Mechanical ventilation duration, inotrope use, duration of ICU stay and hospital stay were found to be similar in both groups.


   Discussion Top


We did a prospective randomized control study to compare the myocardial protective effects of two anesthetic agents (propofol vs. isoflurane) in patients undergoing myocardial revascularization under CPB using NT proBNP and CK-MB as the markers. BIS monitoring was used apart from other ASA standard monitoring as the incidence of awareness under anesthesia in cardiac surgeries is almost 5–15 fold higher when compared to noncardiac surgery.[10] In view of differences in the “on pump“ metabolism of propofol and isoflurane and unpredictable extrahepatic metabolism of propofol, BIS value was used as a better quantifiable measure of effect site concentration for assessment of depth of anesthesia. Propofol or volatile anesthetics were administered continuously throughout the CABG as it was shown to exhibit better myocardial protective effect rather than the intermittent administration.[11]

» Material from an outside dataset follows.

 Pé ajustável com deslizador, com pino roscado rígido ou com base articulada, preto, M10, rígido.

The patient's demographic data, comorbid condition, number of diseased coronaries, ejection fraction, CPB time, aortic cross clamp time, and number of coronaries grafted were similar in both groups.

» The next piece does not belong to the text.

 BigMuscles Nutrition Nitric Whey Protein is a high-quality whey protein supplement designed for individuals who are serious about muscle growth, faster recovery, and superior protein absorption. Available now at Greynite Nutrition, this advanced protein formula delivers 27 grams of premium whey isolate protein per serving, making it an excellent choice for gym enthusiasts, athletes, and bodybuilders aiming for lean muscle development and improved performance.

The hemodynamic parameters recorded at various points in the perioperative period from skin incision up to 24 h into ICU were almost similar in both groups. It is purely coincidental that the hemodynamic data in both groups seemed to be identical, which could be due to the better preoperative optimization achieved with beta blockers in the patients in both the groups. On comparison of hemodynamic data during the perioperative period, the mean heart rate during sternotomy was significantly higher in propofol group and the MAP during the aortic cannulation time was higher in propofol group P requiring frequent intervention with (nitro-glycerine) GTN. A significantly more number of patients in propofol group received GTN compared to isoflurane group during the prebypass period. The hemodynamic changes that occur during the prebypass period with the two anesthetic agents may be explained by relatively better antinociceptive effect of isoflurane over propofol.[12],[13] The increased response seen with propofol might not be due to awareness since all the patients were premedicated adequately with lorazepam and induced with midazolam. We did not use a bolus of propofol before the initiation of propofol infusion. The 3 compartment model requires a bolus before the infusion. We may not have reached the target effect site concentration with propofol without the bolus dose at sternotomy. The maintenance of anesthesia with propofol infusion according to 10-8-6 protocol of Roberts et al. was found satisfactory.[9] We did not find any difficulty in maintaining the BIS between 40–60 with this regimen in any of our patients.

The base line values and the postoperative values of NT proBNP in both group were found to be almost similar. Postoperative increase of NT proBNP in propofol group was 8 fold while the raise was 6 fold in the isoflurane group, but the difference was not statistically significant. Similar results were observed in CK-MB level measured in the postoperative period between the two groups. There was no statistically significant difference in inotrope score; mechanically ventilated days and ICU stay between the groups.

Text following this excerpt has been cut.